WHAT NEEDS TO BE DONE
Starting at the line that contains "Snipe Gaming Chair" and stopping after the line that contains "Nonetheless, there have", transcribe the listing below exactly; do not include any pictures.
-- -- --
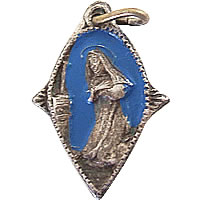 シルバーとブルーのコントラストが印象的なアンティークメダイです。楕円形にクロスを併せたような珍しいデザインです。
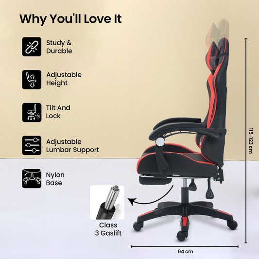 Snipe Gaming Chair with Retractable Footrest | 135° High Back Recliner Chair | Adjustable Armrest & Headrest with Pillow | Computer Chair | Multifunctional Ergonomic Chair - Red
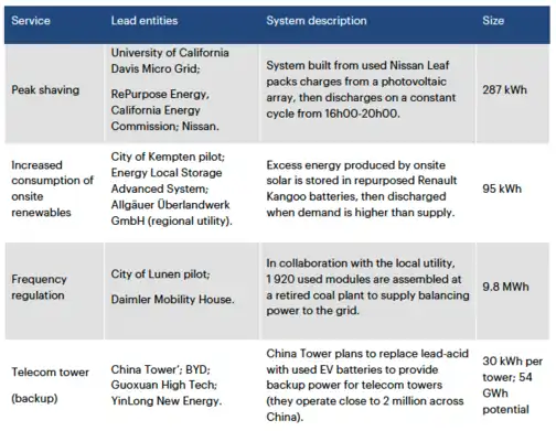 Nonetheless, there have been several successes on the second-life application as shown in the examples of storage projects using second-life EV batteries. They are used in less demanding stationary storage application as peak shaving or additional storage for renewable-based generating sources.[35]
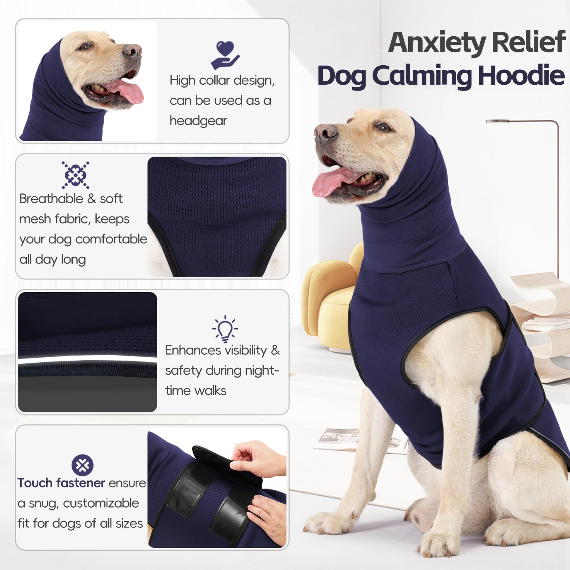 Dog Anxiety Jacket, Breathable Dog Anxiety Relief Vest Shirt, 2-in-1 Large Doggy Calming Hoodie with Ears Wrap for Thunderstorms, Fireworks, Vet Visits, Separation, Noise Protect Recovery (Blue, XL)
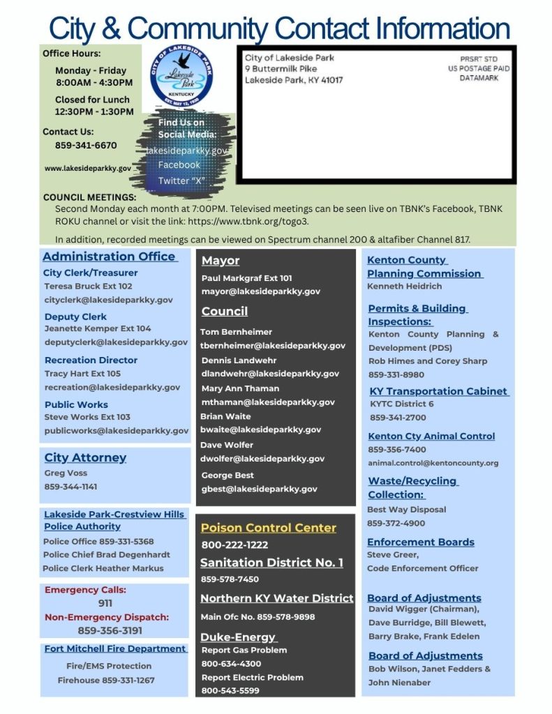 Copyright © 2023 City of Lakeside Park, KY | Developed by Foster Technology Group | Cookie Policy | Privacy Policy
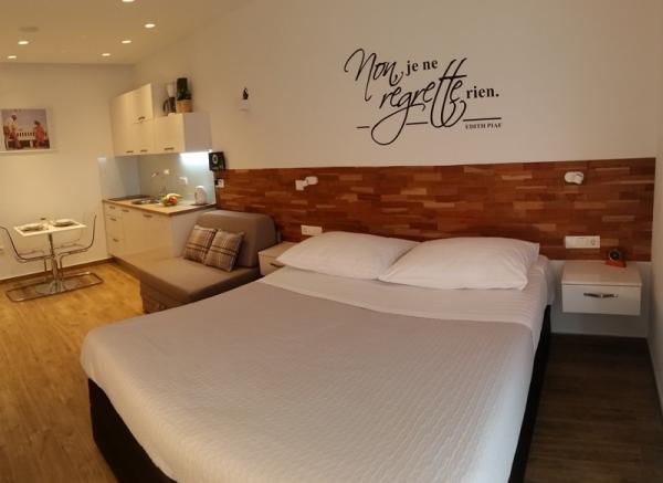 Die Wohnung waren wir im Juni mit ihrer Tochter. Apartments wurden vor kurzem renoviert. Die Wohnung ist sehr ordentlich, sauber, modern und komplett ausgestattet. Es gab keine Notwendigkeit, irgendetwas anzufordern. Alles war für alles gesorgt, und noch mehr. Die Wohnungen verfügen über Terrassen mit Meerblick. Die Wohnung verfügt über einen TV, WLAN und einen Safe. Was ich trotz all der Superlative für die Hospitality Suite und sustretljivost Host sagte; etwas, das Sie nicht genau das finden! Sicherlich einer der besten Wohnung, wo wir waren! Ich von ganzem Herzen empfehlen!
-- -- --
WRITTEN SOLUTION
 Snipe Gaming Chair with Retractable Footrest | 135° High Back Recliner Chair | Adjustable Armrest & Headrest with Pillow | Computer Chair | Multifunctional Ergonomic Chair - Red
 Nonetheless, there have been several successes on the second-life application as shown in the examples of storage projects using second-life EV batteries. They are used in less demanding stationary storage application as peak shaving or additional storage for renewable-based generating sources.[35]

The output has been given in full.